There is a lot to choose from in the region thanks to four distinct Périgord areas:
- The Périgord Vert (Green Périgord) offers verdant valleys, numerous rivers and streams
- The Périgord Blanc (White Périgord) is home to the regional capital of Périgueux, limestone plateaux, wide valleys, and meadows.
- The capital of Périgord Pourpre (Purple Périgord) is Bergerac, and the area is famed for its wines
- The Périgord Noir (Black Périgord) gets its name from the dark and dramatic valleys of oak woods and pine.
The Périgord Noir tops the charts for the cliff-top villages Domme and Beynac-et-Cazenac, with a 12th-century castle and to-die-for views; La Roque-Gageac, which is built right into the cliffside; the hilltop Jardins de Marqueyssac with shaded paths and mazes and beguiling Sarlat-la Canéda's picture-perfect medieval buildings and winding streets.

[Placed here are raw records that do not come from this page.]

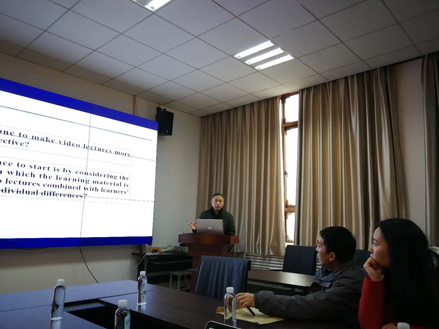 杨九民教授围绕视频课程教与学--实证研究与实践应用进行介绍。首先对视频课程设计的四要素,接着就视频本身的呈现模式、知识类型和学习者的个体差异均影响视频教与学的效果等进行了分析和说明,最后,分享了教育信息化跨科学领域的自然基金项目申请经验。报告结束后,杨九民教授与公司副经理苗启广教授就课堂教学设计、MOOC课程建设进行深入讨论;苗启广副经理也表达了与华中师范大学教学信息技术公司加强教学交互和学术研讨的合作意愿。
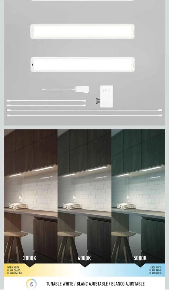 Brand: artika Color: White Material: Aluminum Room type: Dressing Room, Kitchen, Laundry Room etc... Ultra-Slim Design: These kitchen lights feature an ultra-slim profile, seamlessly blending with any decor. Perfect for under cabinet lights, closet lights, or as elegant under cupboard lights for kitchen, adding a sleek touch to your space. Selectable Color Temperature: Experience ultimate flexibility with selectable color temperature options in our under cabinet lights. Tailor your kitchen lighting from warm to cool tones, ensuring ideal lighting for prepping meals or showcasing kitchen decor. Easy Plug-In Installation: Designed for convenience, these under counter lights plug in effortlessly. Transform your kitchen cabinet lights setup quickly, offering practical led strip lights for kitchen under cabinet without the need for complex wiring or installation. Easy To Install. Pick it up Niagara Falls
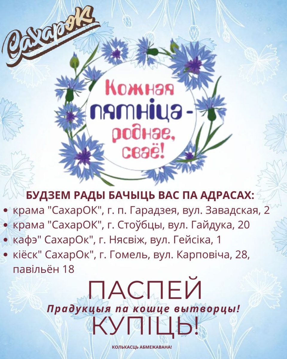 ! 🔥Увесь сакавік у нашых крамах, кафэ і кіёску ААТ "ГАРАДЗЕЙСКІ ЦУКРОВЫ КАМБІНАКТ" — асаблівая прапанова: прадукцыя па кошце вытворцы. Джэмы, канфіцюры, топінгі, сокі і нектары — усё, што стварае ўтульнасць і цеплыню беларускіх традыцый. 🎉 Не прапусціце! Завітайце ў гандлёвыя кропкі ў дзень акцыі і атрымайце лепшыя беларускія тавары па спецыяльных цэнах!🎉
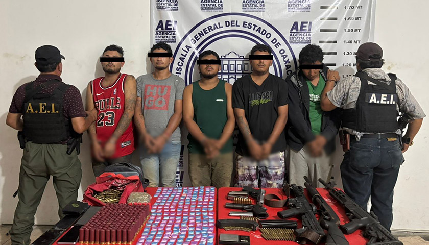 En el lugar detuvieron a cinco personas, se trata de: A.D.D., originario de Santiago Llano Grande, Jamiltepec; J.A.S., originario de Cuernavaca Morelos; J.D.M., de Pinotepa Nacional, así como S.N.G., y J.B.M., originarios de San Juan Cacahuatepec.
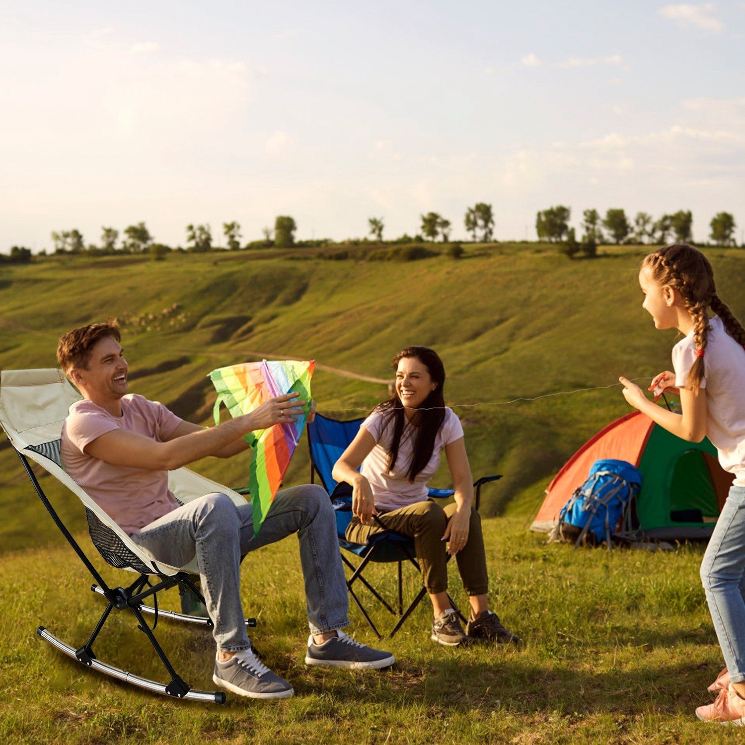 *Wide Applications*:This portable camping rocking chair is perfectly suitable for camping, picnic, sports event, BBQ, hiking, fishing, beach or just for relaxing at your backyard. And an ideal gift for your friends who are outdoor enthusiasts.
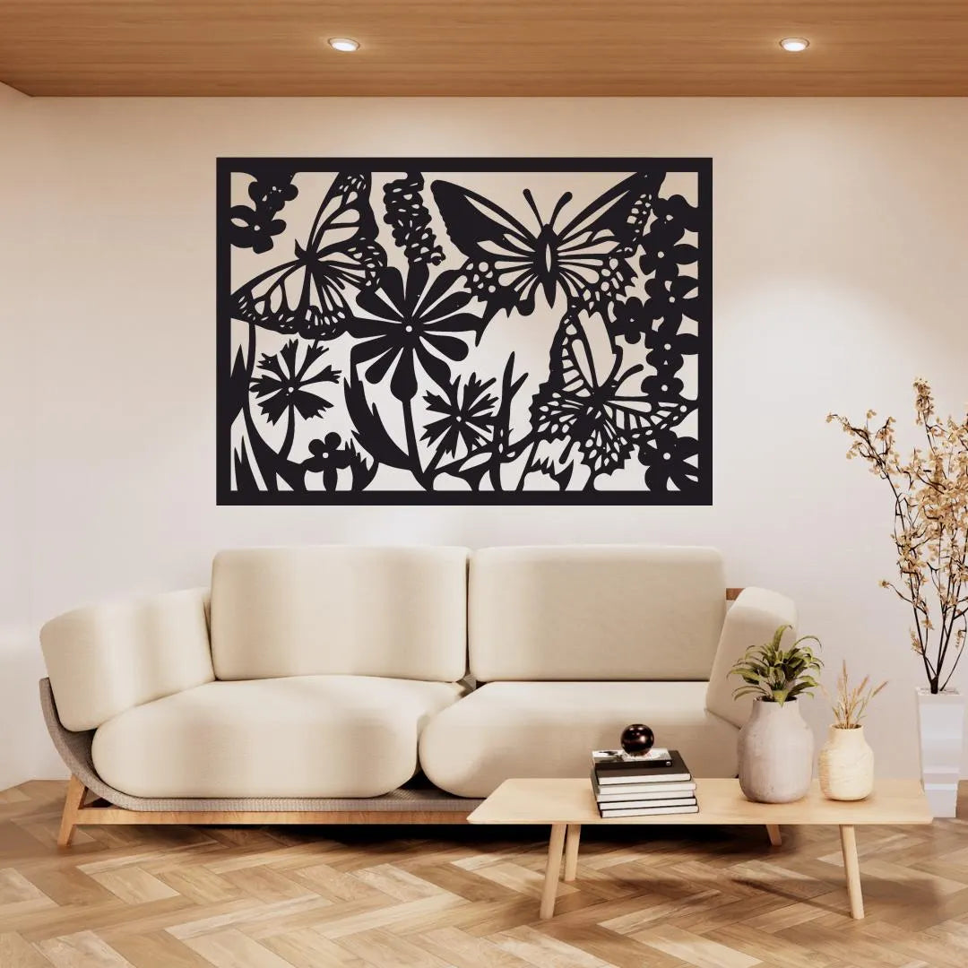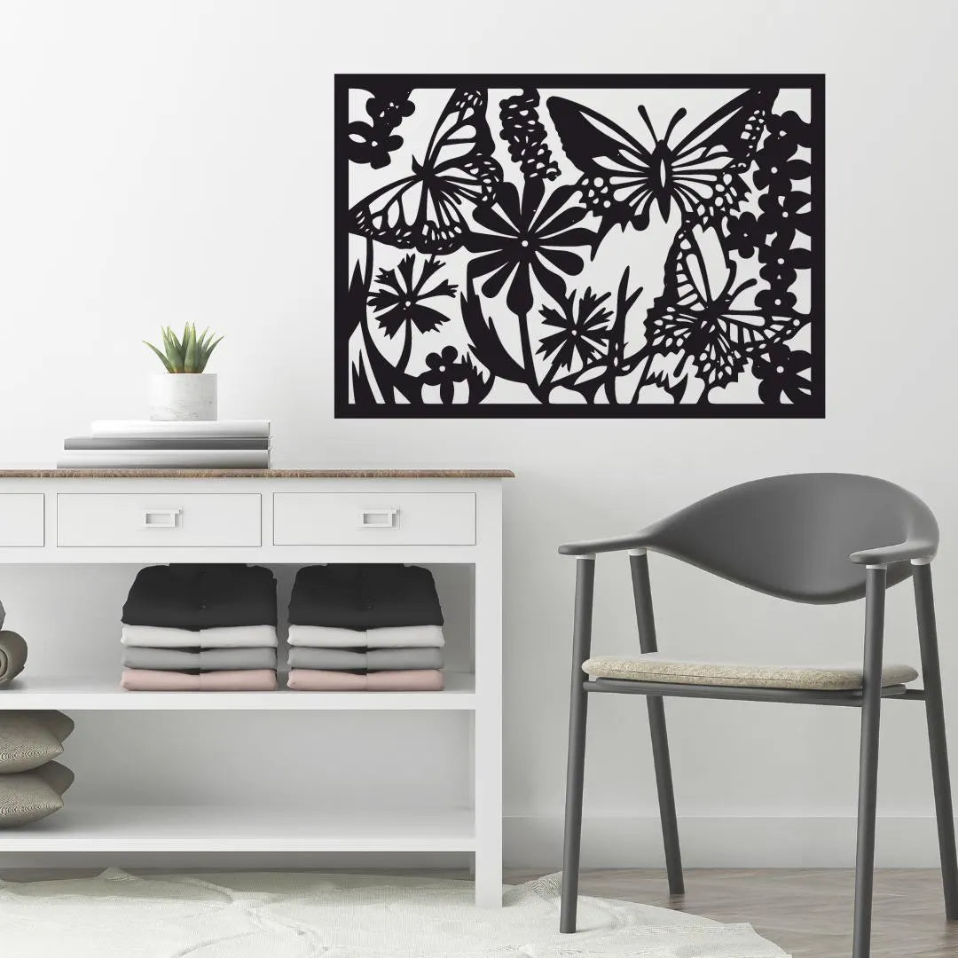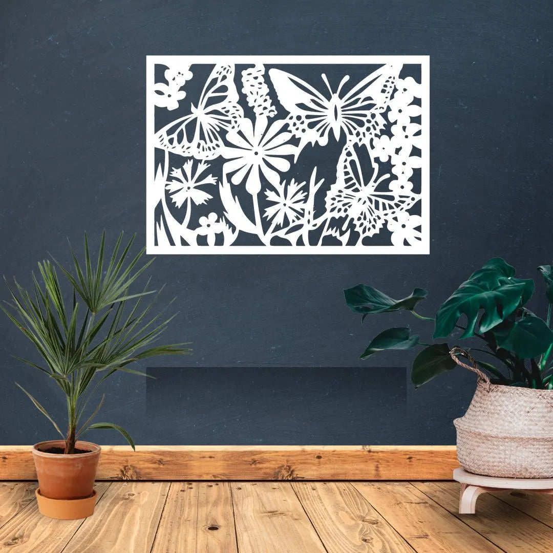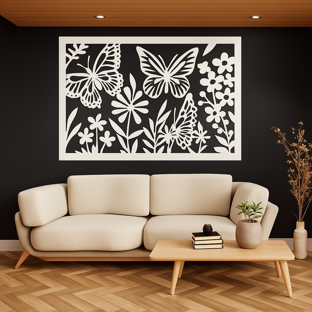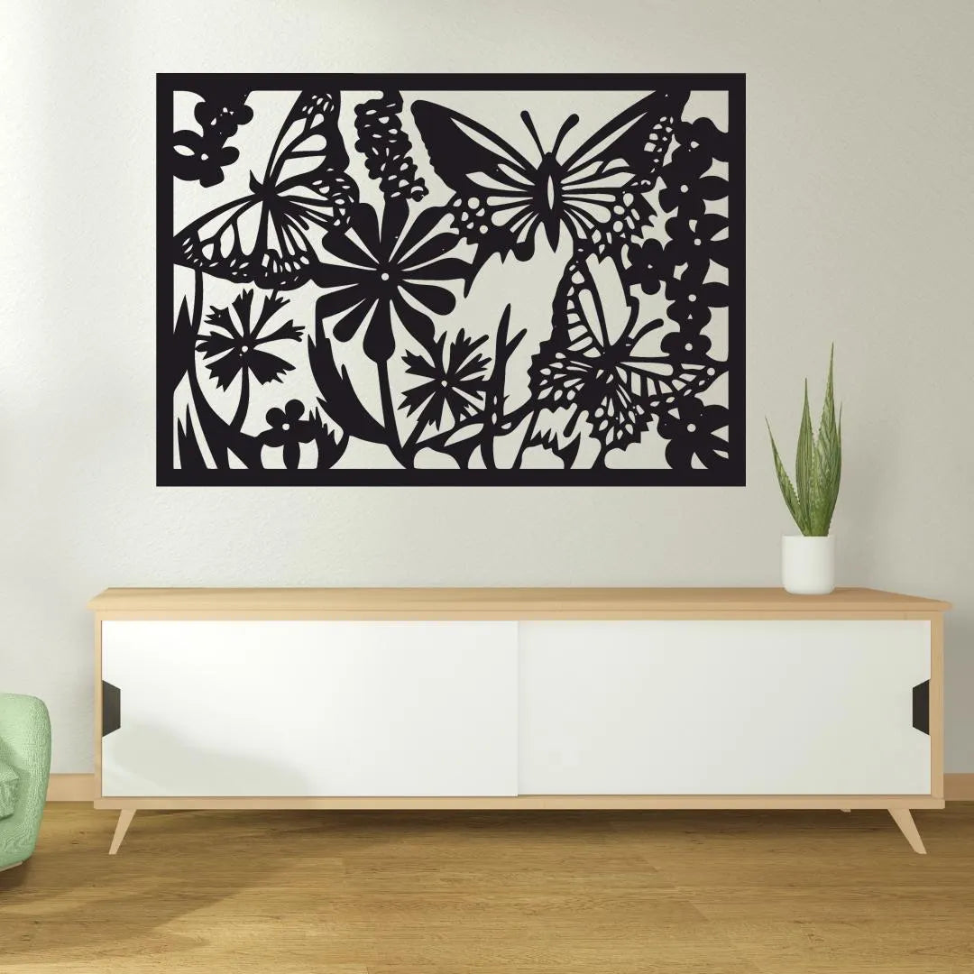 Add elegance and nature to your walls with this beautifully detailed butterfly and flower panel. Crafted from high-quality 3mm gloss acrylic, this design showcases three butterflies fluttering among blooming wildflowers — perfect for living rooms, lounges, or bedrooms.

The Dordogne is renowned for its love of food and drink – and boasts a long culinary heritage and a fabulous gastronomic heritage. The Dordogne is also known as France's foie gras, duck, and truffle capital. Every season also brings its outstanding natural larder, including spring's white asparagus, morel mushrooms, strawberries; summer's bounty of fresh fruit; autumn's walnuts, wild cepes girolle mushrooms; and the famed white and black truffles of winter. There is also a great variety of local cheeses, such as Cabécou, made from raw goat's milk, and the soft walnut-liqueur-washed cheese crafted by the monks at Abbaye d'Echourgnac.
There are at least a dozen wines produced in the wider region. Try red or white Bergerac, the elegant red Pécharmant and sweet Monbazillac.
There are traditional markets across the region, but one must-visit is the breath-taking, and eye-popping markets in the tiny capital of Périgueux are a must-see. You can wander between tightly packed trestle tables heavy with such foodie gems as chestnuts, mushrooms, quinces, figs, walnuts, and cheeses. A superb indoor market is found in the town of Sarlat. The celebrated architect, Jean Nouvel, who was born in Sarlat, converted the church with its massive doors into an indoor market. Take a glass lift to the roof for panoramic views over the town.
There are so many places to recommend in the Dordogne. Sarlat, in Périgord Noir, with its medieval streets, ancient buildings, and markets, should be high on your list.
There are so many caves, including the Grottes and Gouffres in the Vallée de la Vézère. For example, the Grotte de Rouffignac is well worth visiting to see the hundreds of animal paintings, and at La Madeleine, there is a troglodyte village. Don't miss the Lascaux caves at Montignac. Lascaux II, a replica of the original, is located nearby and displays art from the original site, retracing the history of the cave and explaining the artist's techniques of 17,000 years ago.
To go way, way back in time
The prehistoric site of Régourdou is found near Lascaux, located high on a hill overlooking Montignac. It was discovered as recently as the 1950s and is considered one of Europe's most important Neanderthal sites.
For so, so many castles
The region is famed for its castles. It's said there are 1001 castles, and you'll find them dotted on hills and overlooking the River Dordogne… In fact, everywhere!
As well as being a perfect place for a walking vacation or a Dordogne biking tour, you can try other activities such as canoeing and kayaking on the meandering River Dordogne. Enjoy some castle spotting ( very easy in this region) as you paddle. The River Vézere also heads past ancient caves and archaeological sites, with many more castles to admire along the way. Canoe rentals are easily found around the main towns of the region.